++++ Input data ++++

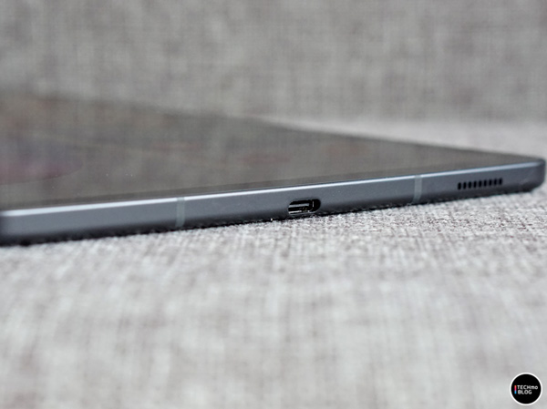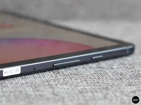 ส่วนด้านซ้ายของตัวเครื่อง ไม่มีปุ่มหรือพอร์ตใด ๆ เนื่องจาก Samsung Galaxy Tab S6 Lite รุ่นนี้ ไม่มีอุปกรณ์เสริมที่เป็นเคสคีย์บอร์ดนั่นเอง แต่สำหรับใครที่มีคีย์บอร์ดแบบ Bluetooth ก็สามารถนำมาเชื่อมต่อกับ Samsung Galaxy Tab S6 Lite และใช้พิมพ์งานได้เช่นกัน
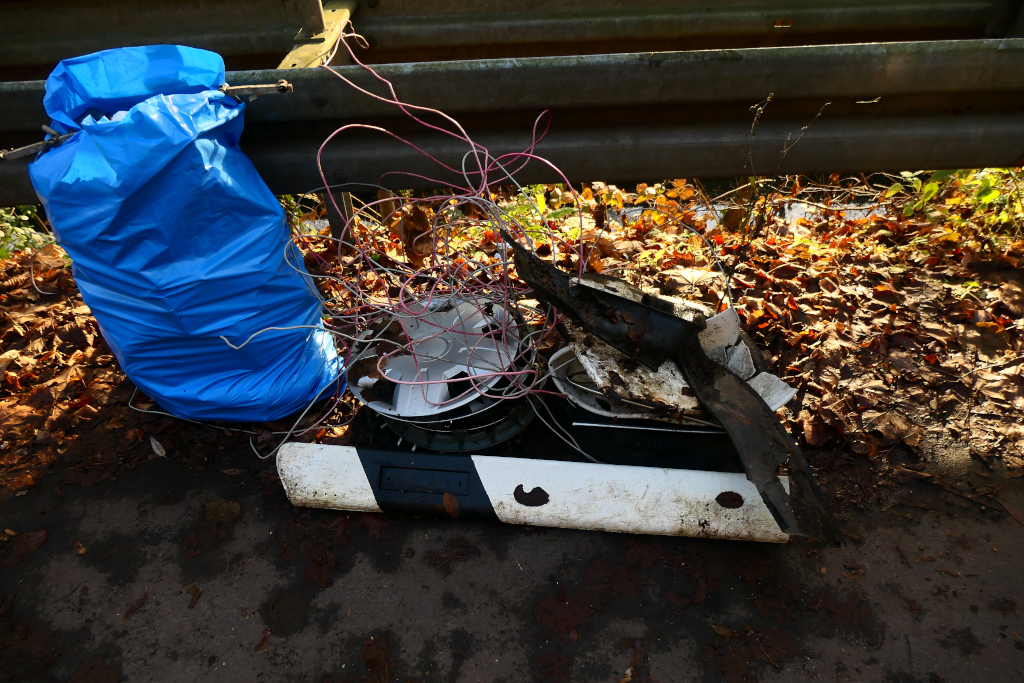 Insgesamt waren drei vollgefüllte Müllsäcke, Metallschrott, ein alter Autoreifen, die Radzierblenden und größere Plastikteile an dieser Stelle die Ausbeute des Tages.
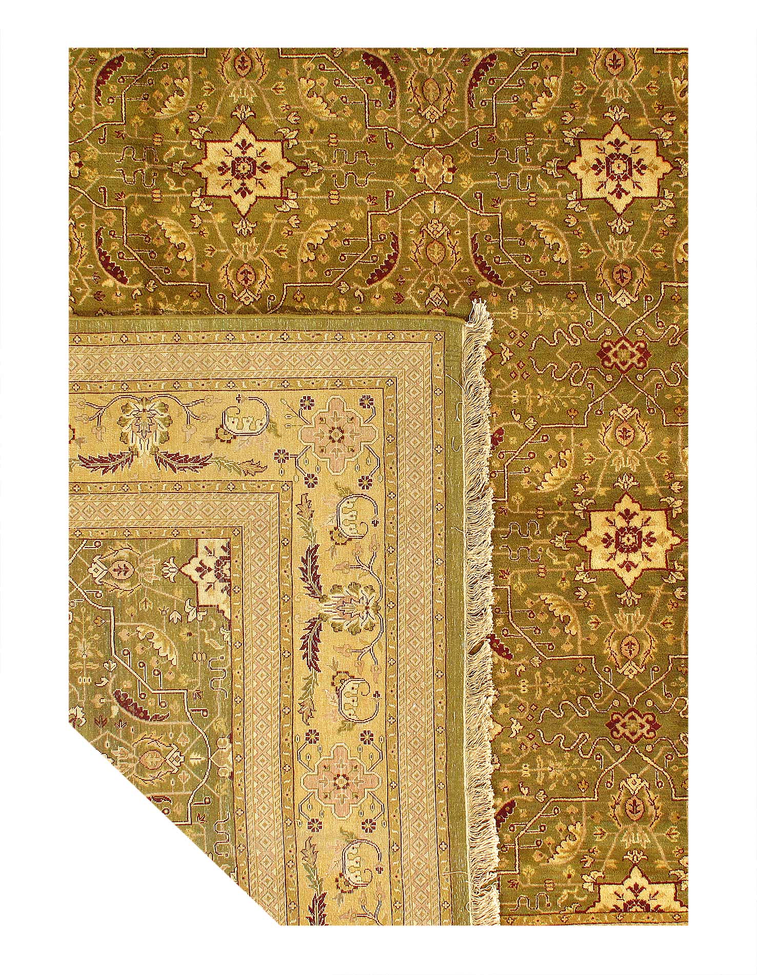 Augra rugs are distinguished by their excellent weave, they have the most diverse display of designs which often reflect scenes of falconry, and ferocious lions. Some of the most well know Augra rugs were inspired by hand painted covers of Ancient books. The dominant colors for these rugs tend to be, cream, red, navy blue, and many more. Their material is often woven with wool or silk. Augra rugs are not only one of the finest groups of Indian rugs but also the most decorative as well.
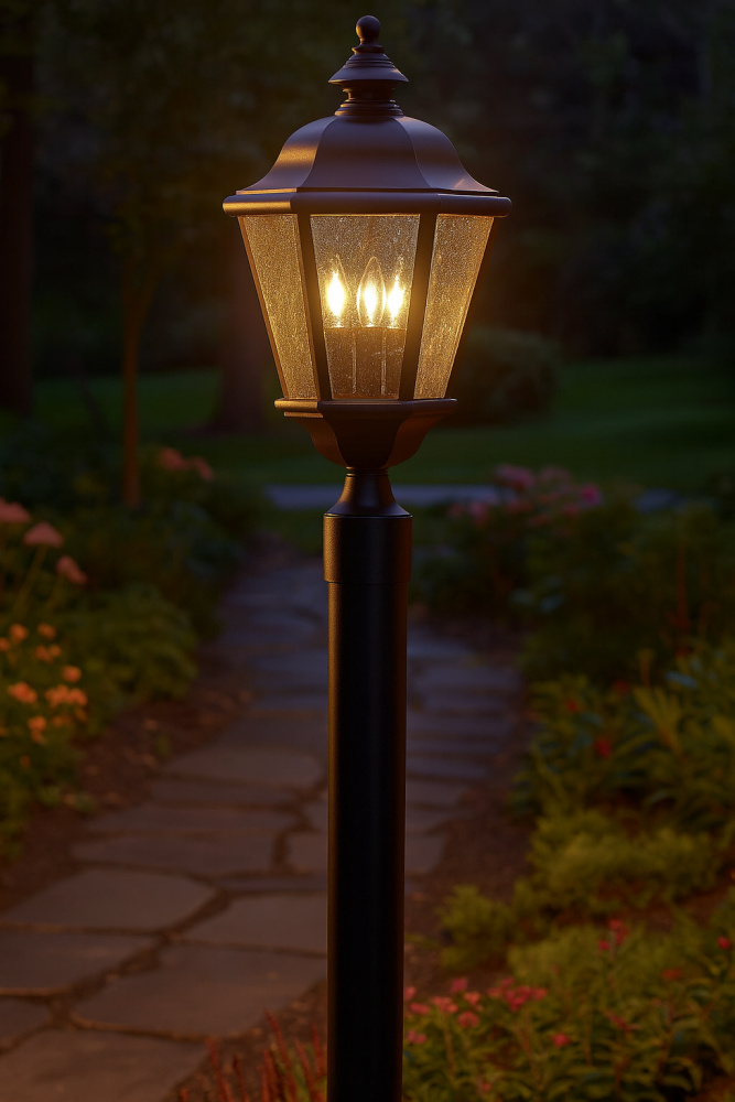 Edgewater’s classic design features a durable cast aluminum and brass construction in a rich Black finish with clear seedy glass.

++++

__Exercise description__
All lines from the beginning of the material above through the line holding "Insgesamt waren drei" are to be given again exactly, and no others; pictures do not go in.

__Solution for this task__
 ส่วนด้านซ้ายของตัวเครื่อง ไม่มีปุ่มหรือพอร์ตใด ๆ เนื่องจาก Samsung Galaxy Tab S6 Lite รุ่นนี้ ไม่มีอุปกรณ์เสริมที่เป็นเคสคีย์บอร์ดนั่นเอง แต่สำหรับใครที่มีคีย์บอร์ดแบบ Bluetooth ก็สามารถนำมาเชื่อมต่อกับ Samsung Galaxy Tab S6 Lite และใช้พิมพ์งานได้เช่นกัน
 Insgesamt waren drei vollgefüllte Müllsäcke, Metallschrott, ein alter Autoreifen, die Radzierblenden und größere Plastikteile an dieser Stelle die Ausbeute des Tages.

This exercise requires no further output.